Background: Inhaled corticosteroids are the preferred therapy in persistent asthma. Dry powder inhalers (DPIs) generate a larger particle size compared with metered-dose inhalers (MDIs), which affects pulmonary deposition, bioavailability, and subsequent systemic effects of fluticasone propionate (fluticasone). Objective: To examine the relationship of fluticasone pharmacokinetics and cortisol suppression for 2 fluticasone formulations (DPI and MDI) administered in adults over 1-week and 6-week treatment periods. Methods: Two previous studies conducted in adults by the Asthma Clinical Research Network examined relative efficacy and systemic effect of fluticasone from MDI and DPI. Sample sets (n = 33) were analyzed for fluticasone after administration of 352 μg from the MDI, and 400 μg from the DPI formulation, twice daily, after a 1-week treatment period. The second study's sample sets (n = 9) were analyzed for fluticasone after 6 weeks therapy at 352 μg twice daily from the MDI formulation, allowing achievement of steady state. Results: ANOVA revealed a significant trend of increasing fluticasone area under the curve from 0 to time t (AUC0→t) when comparing DPI with MDI for 1 week with MDI for 6 weeks (P < .0001).
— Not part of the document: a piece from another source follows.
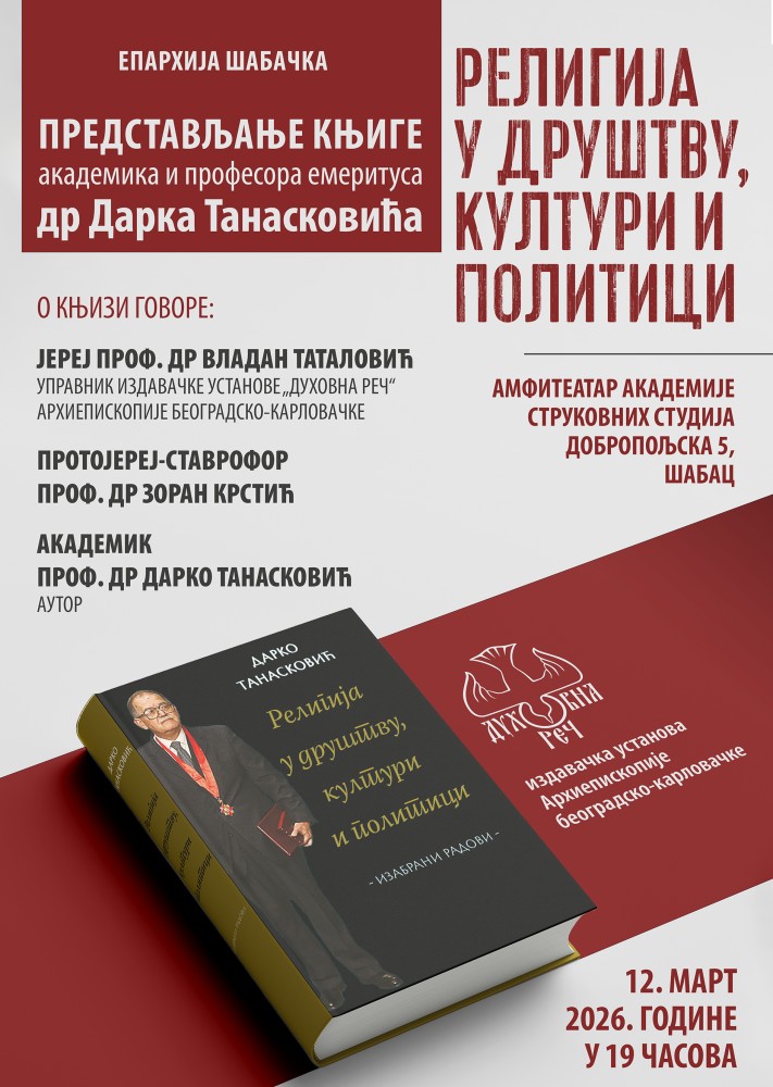 Са благословом Његовог Преосвештенства Епископа шабачког г. Јеротеја, у амфитеатру Академије струковних студија у Шапцу, 12. марта 2026. године са почетком у 19 часова биће представљена књига др Дарка Танасковића „Религија у друштву, култури и политици“.
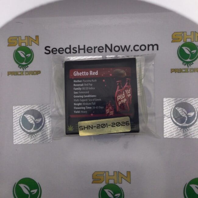 Ghetto Red crosses Pacoima Kush | an OG Kush's—Girl Scout Cookies indica-dominant hybrid | with Red Pop, the sour candy berry line that has appeared as a parent across more Exotic Genetix catalog crosses than almost any other proprietary line. James Bean acquired four lots and held them all in the vault. Sealed since acquisition. Available now for the first time.

Similarly, ANOVA revealed increasing cortisol suppression between these groups (P = .007). Linear regression demonstrated that increasing fluticasone AUC0→t was significantly correlated with cortisol suppression (P < .0001; r2 = 0.41). MDI for 6 weeks showed increasing fluticasone AUC (P = .0008, t test) compared with MDI for 1 week, suggesting accumulation. Conclusion: Fluticasone plasma concentrations are significantly greater after MDI compared with DPI, and cortisol suppression is associated with fluticasone plasma concentrations. Accumulation of fluticasone concentrations suggests that time to steady state exceeds 1 week of treatment with MDI.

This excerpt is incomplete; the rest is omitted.